[AVAILABLE DATA]
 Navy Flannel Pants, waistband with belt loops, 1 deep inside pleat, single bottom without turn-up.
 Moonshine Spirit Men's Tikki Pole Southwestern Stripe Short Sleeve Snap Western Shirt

...

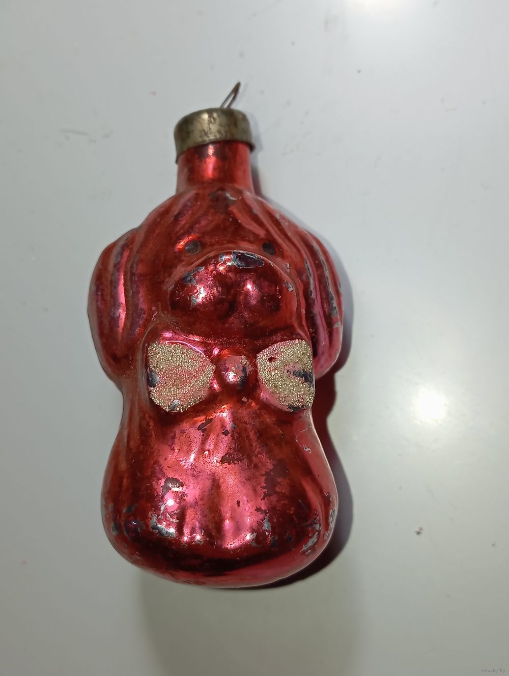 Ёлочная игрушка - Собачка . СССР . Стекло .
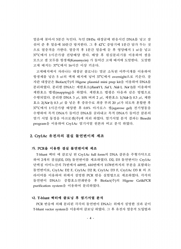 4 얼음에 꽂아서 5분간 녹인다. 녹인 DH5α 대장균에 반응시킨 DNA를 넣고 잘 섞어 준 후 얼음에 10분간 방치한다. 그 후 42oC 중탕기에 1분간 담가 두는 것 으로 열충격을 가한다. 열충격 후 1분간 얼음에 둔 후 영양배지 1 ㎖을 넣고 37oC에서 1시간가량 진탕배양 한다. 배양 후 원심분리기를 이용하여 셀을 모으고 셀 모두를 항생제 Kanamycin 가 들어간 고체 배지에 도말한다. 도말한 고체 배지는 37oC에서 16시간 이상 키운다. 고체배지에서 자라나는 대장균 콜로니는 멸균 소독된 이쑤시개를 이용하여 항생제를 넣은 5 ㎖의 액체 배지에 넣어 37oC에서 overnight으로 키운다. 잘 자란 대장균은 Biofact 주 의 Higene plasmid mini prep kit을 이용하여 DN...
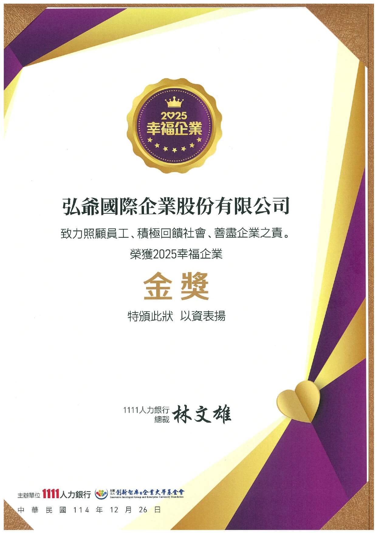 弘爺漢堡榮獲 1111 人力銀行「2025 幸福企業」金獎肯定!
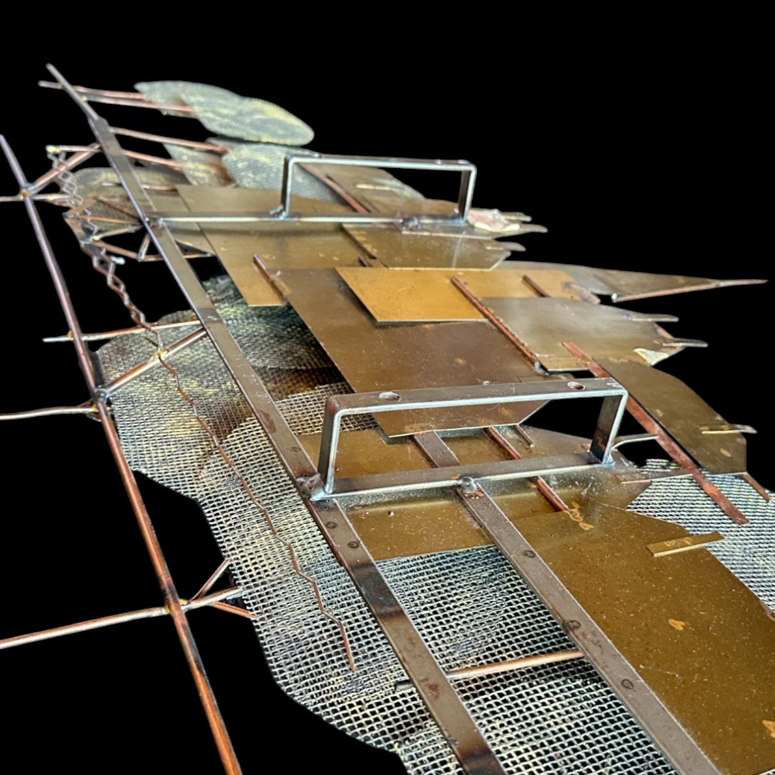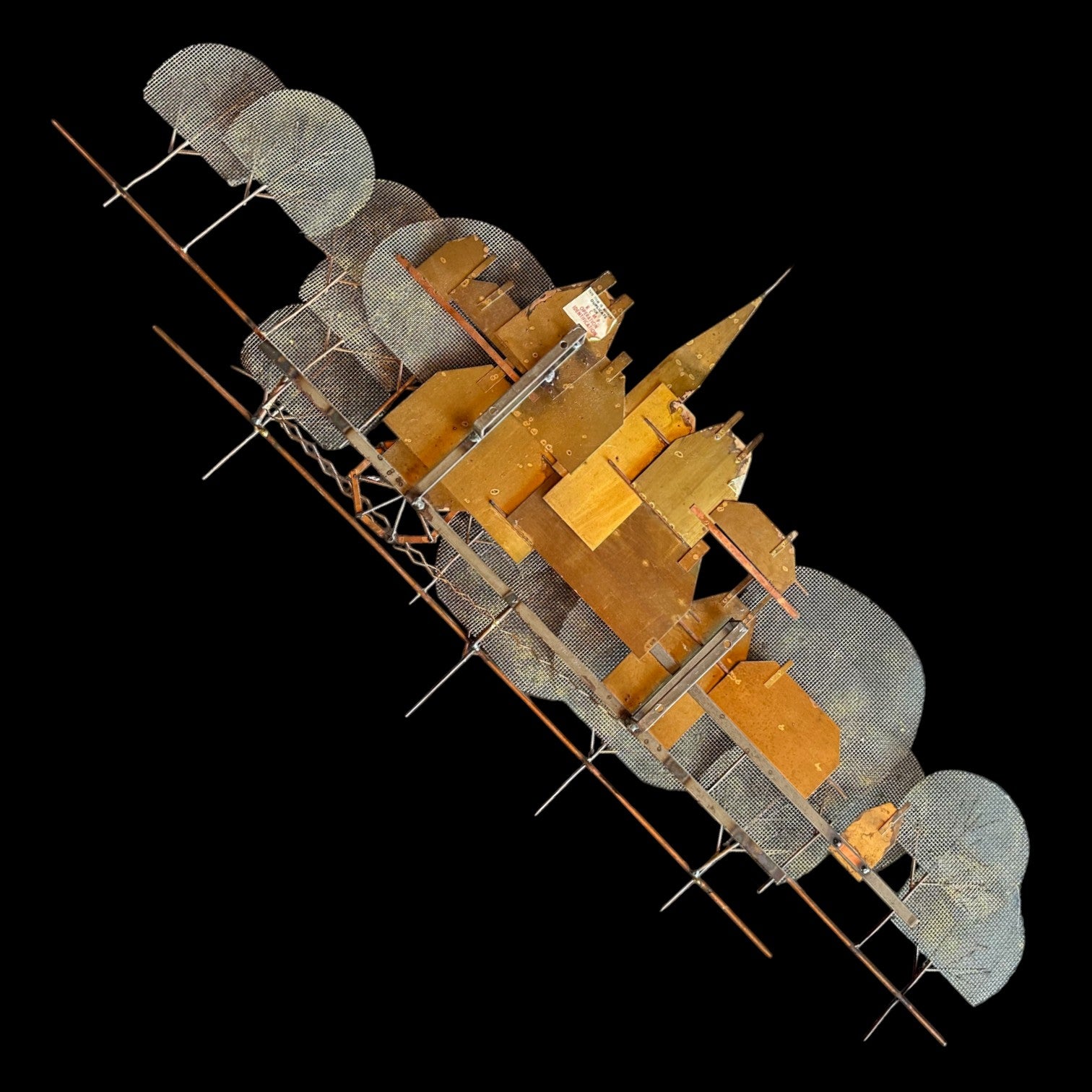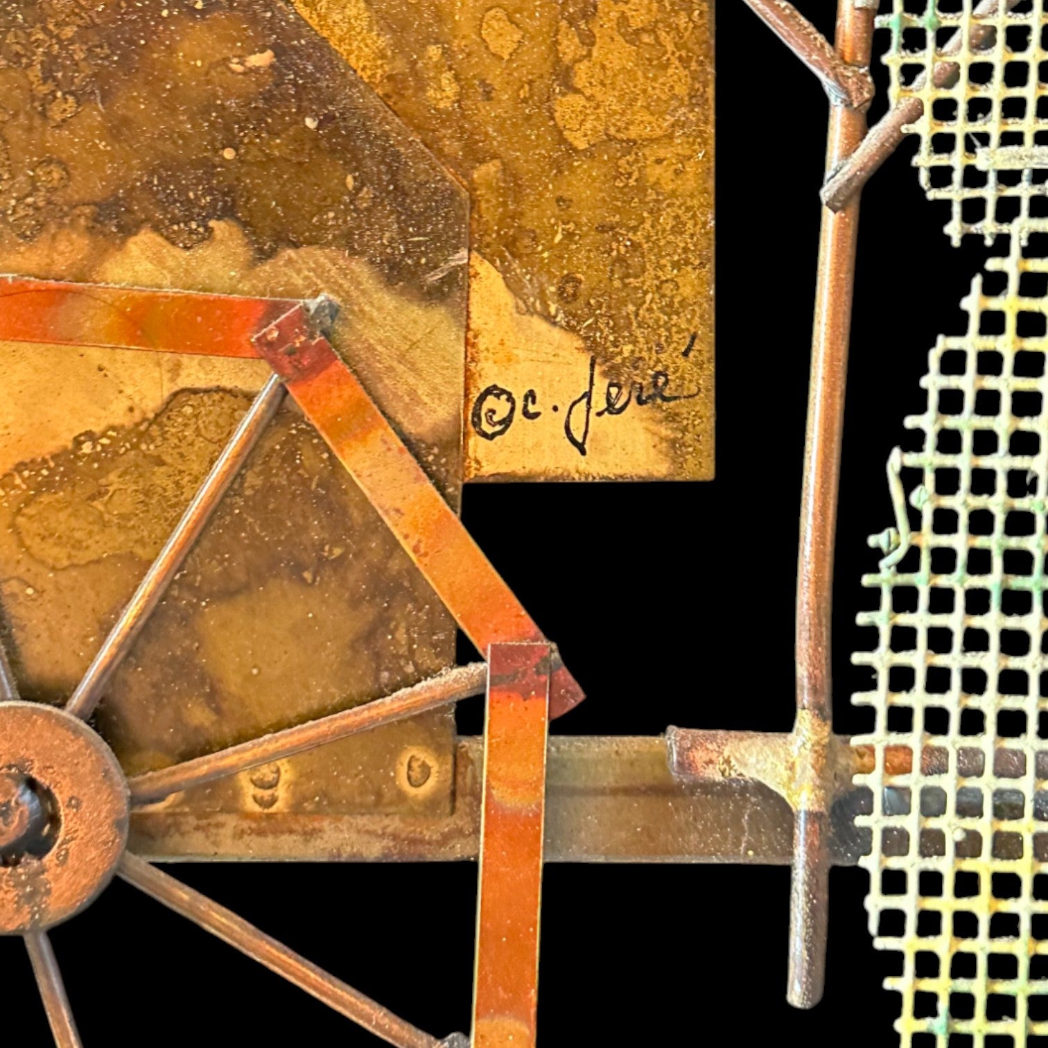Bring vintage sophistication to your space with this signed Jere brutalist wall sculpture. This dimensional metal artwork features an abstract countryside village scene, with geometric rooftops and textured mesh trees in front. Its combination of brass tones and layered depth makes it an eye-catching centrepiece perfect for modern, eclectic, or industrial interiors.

--

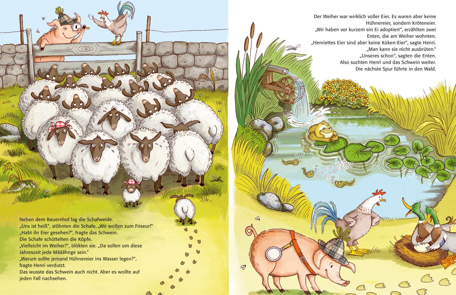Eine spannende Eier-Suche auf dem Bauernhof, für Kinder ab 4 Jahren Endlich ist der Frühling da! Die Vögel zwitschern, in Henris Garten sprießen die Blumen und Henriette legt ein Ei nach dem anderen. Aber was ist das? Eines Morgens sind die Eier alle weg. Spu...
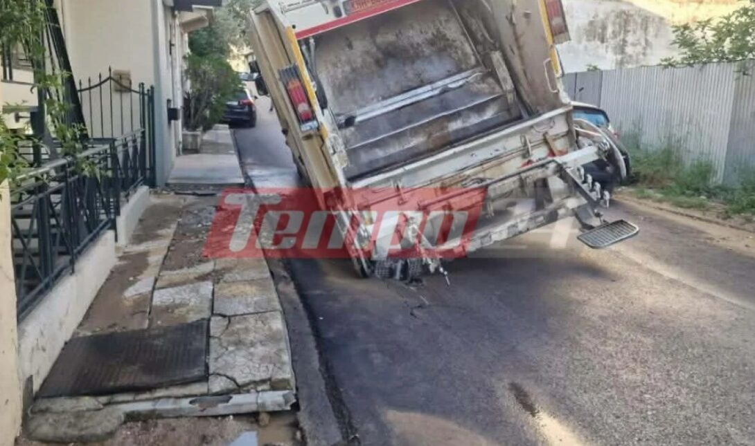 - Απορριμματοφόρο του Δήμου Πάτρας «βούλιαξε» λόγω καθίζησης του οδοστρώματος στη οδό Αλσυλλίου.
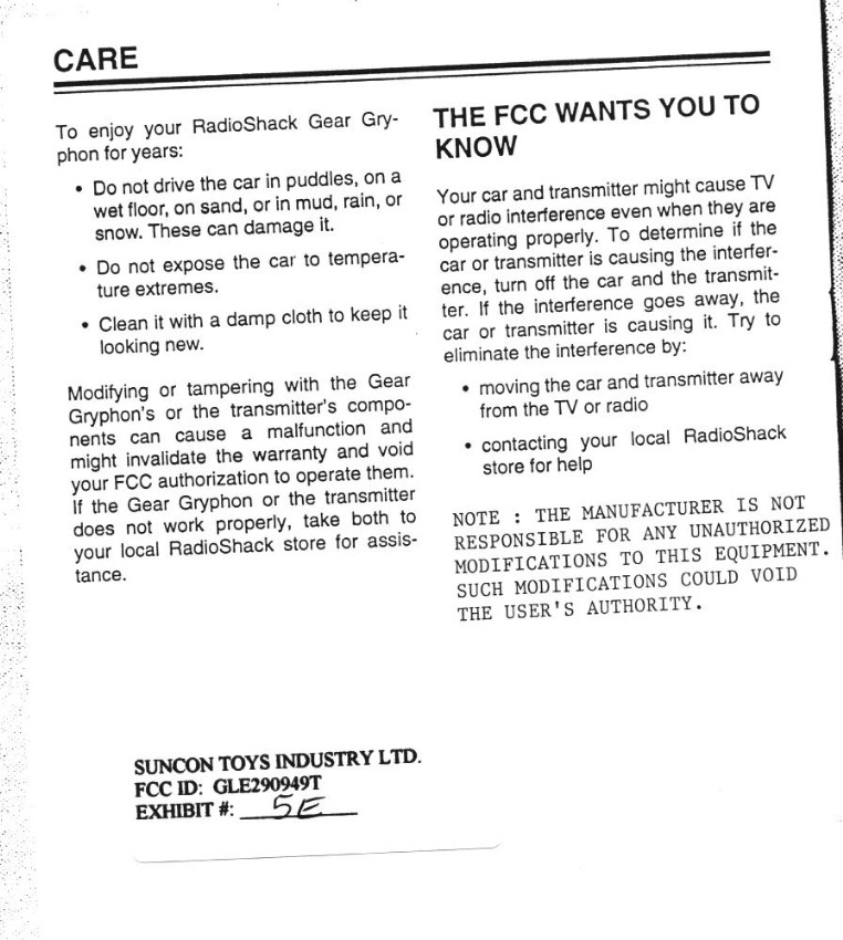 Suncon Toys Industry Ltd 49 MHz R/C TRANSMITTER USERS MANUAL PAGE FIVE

[WHAT THE EXERCISE ASKS] Repeat, word for word, the lines of the material above from the one holding "4 얼음에 꽂아서 5분간" through the one holding "弘爺漢堡榮獲 1111 人力銀行「2025 幸福企業」金獎肯定!". Leave out pictures.

[WRITTEN REPLY]
 4 얼음에 꽂아서 5분간 녹인다. 녹인 DH5α 대장균에 반응시킨 DNA를 넣고 잘 섞어 준 후 얼음에 10분간 방치한다. 그 후 42oC 중탕기에 1분간 담가 두는 것 으로 열충격을 가한다. 열충격 후 1분간 얼음에 둔 후 영양배지 1 ㎖을 넣고 37oC에서 1시간가량 진탕배양 한다. 배양 후 원심분리기를 이용하여 셀을 모으고 셀 모두를 항생제 Kanamycin 가 들어간 고체 배지에 도말한다. 도말한 고체 배지는 37oC에서 16시간 이상 키운다. 고체배지에서 자라나는 대장균 콜로니는 멸균 소독된 이쑤시개를 이용하여 항생제를 넣은 5 ㎖의 액체 배지에 넣어 37oC에서 overnight으로 키운다. 잘 자란 대장균은 Biofact 주 의 Higene plasmid mini prep kit을 이용하여 DN...
 弘爺漢堡榮獲 1111 人力銀行「2025 幸福企業」金獎肯定!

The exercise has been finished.